---------- Information supplied

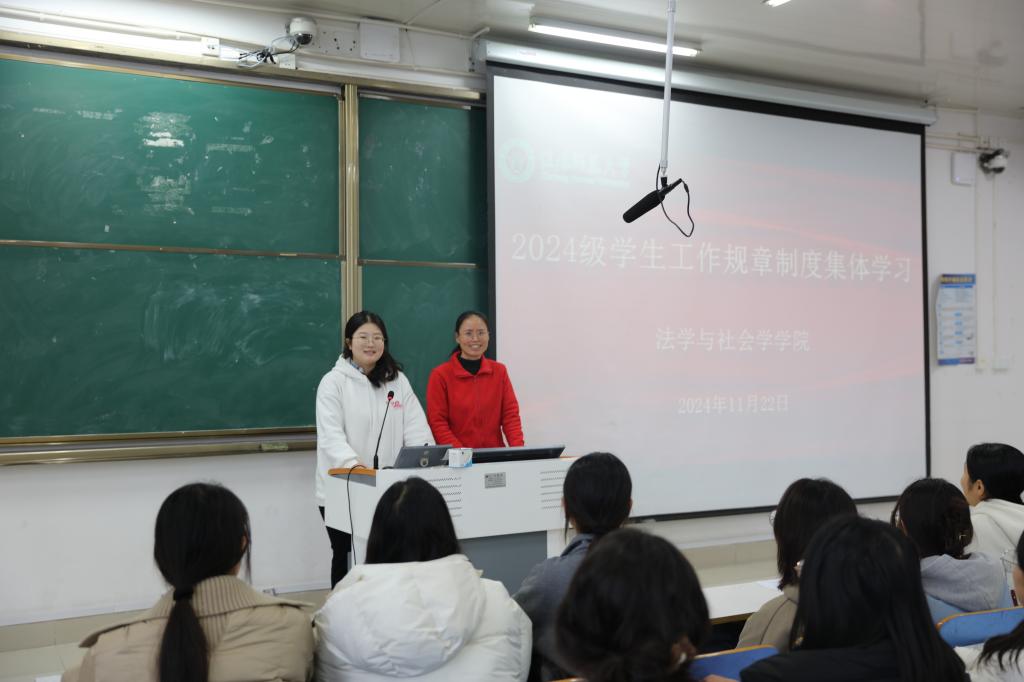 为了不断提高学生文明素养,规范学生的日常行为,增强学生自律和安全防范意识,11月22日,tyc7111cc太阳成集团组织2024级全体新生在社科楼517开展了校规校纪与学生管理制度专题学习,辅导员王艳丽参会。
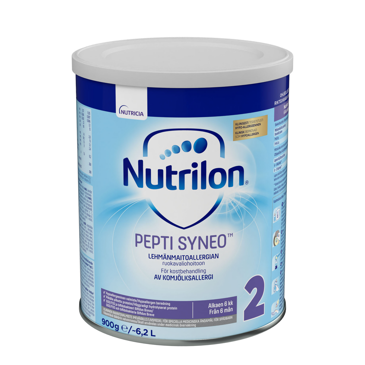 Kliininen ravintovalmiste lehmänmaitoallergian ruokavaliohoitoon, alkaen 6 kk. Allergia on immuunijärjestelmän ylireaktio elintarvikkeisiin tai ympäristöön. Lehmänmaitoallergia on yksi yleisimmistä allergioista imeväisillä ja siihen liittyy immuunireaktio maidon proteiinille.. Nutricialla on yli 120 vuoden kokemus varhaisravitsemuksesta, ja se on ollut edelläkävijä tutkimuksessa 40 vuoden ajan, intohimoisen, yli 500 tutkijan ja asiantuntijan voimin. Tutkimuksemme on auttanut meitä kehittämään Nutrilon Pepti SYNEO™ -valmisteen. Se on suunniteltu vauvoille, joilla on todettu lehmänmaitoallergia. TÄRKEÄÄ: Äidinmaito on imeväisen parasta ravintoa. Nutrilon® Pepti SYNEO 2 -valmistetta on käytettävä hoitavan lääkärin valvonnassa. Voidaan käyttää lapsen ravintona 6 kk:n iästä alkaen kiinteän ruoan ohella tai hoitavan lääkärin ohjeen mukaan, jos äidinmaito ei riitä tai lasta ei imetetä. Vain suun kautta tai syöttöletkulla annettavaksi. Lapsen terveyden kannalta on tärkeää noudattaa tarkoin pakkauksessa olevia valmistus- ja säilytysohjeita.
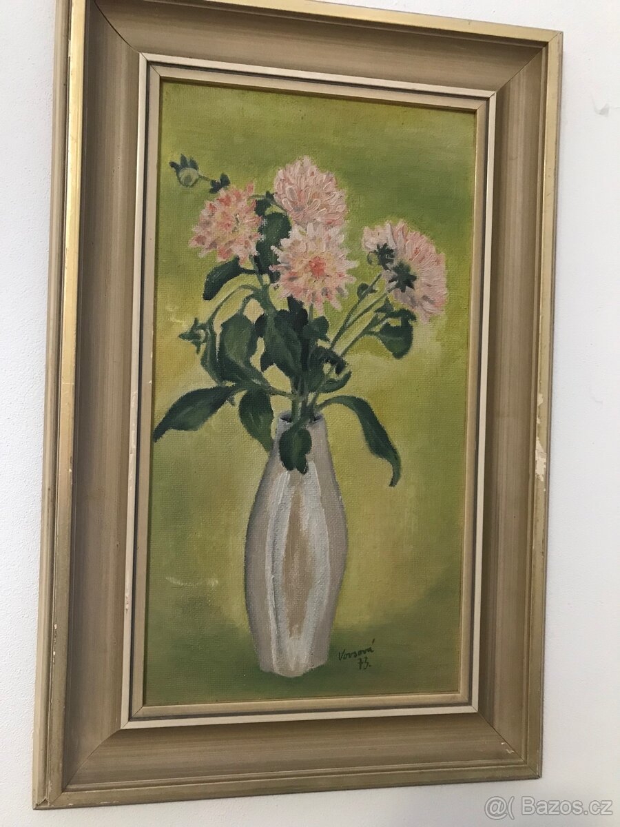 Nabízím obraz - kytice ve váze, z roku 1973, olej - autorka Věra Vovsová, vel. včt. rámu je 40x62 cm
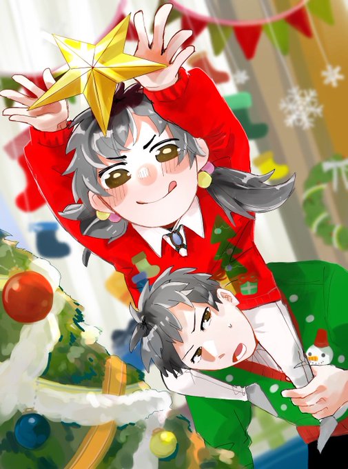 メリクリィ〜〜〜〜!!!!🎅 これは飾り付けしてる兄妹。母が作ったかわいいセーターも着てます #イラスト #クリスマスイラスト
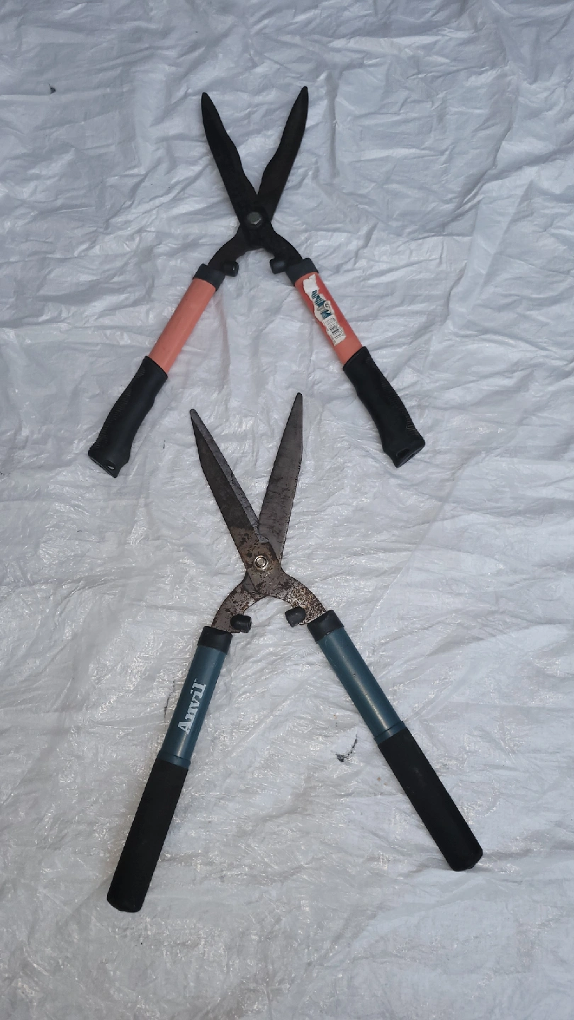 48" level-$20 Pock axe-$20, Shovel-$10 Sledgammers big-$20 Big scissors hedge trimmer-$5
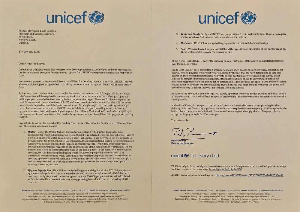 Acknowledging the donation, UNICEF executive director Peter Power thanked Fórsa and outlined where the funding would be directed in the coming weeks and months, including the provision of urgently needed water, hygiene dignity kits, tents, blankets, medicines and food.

--------------------

Only the lines from the line that contains "Nabízím obraz - kytice" through the end of the entries are to be written out, exactly and without pictures, both ends included.

:: Task solution ::
 Nabízím obraz - kytice ve váze, z roku 1973, olej - autorka Věra Vovsová, vel. včt. rámu je 40x62 cm
 メリクリィ〜〜〜〜!!!!🎅 これは飾り付けしてる兄妹。母が作ったかわいいセーターも着てます #イラスト #クリスマスイラスト
 48" level-$20 Pock axe-$20, Shovel-$10 Sledgammers big-$20 Big scissors hedge trimmer-$5
 Acknowledging the donation, UNICEF executive director Peter Power thanked Fórsa and outlined where the funding would be directed in the coming weeks and months, including the provision of urgently needed water, hygiene dignity kits, tents, blankets, medicines and food.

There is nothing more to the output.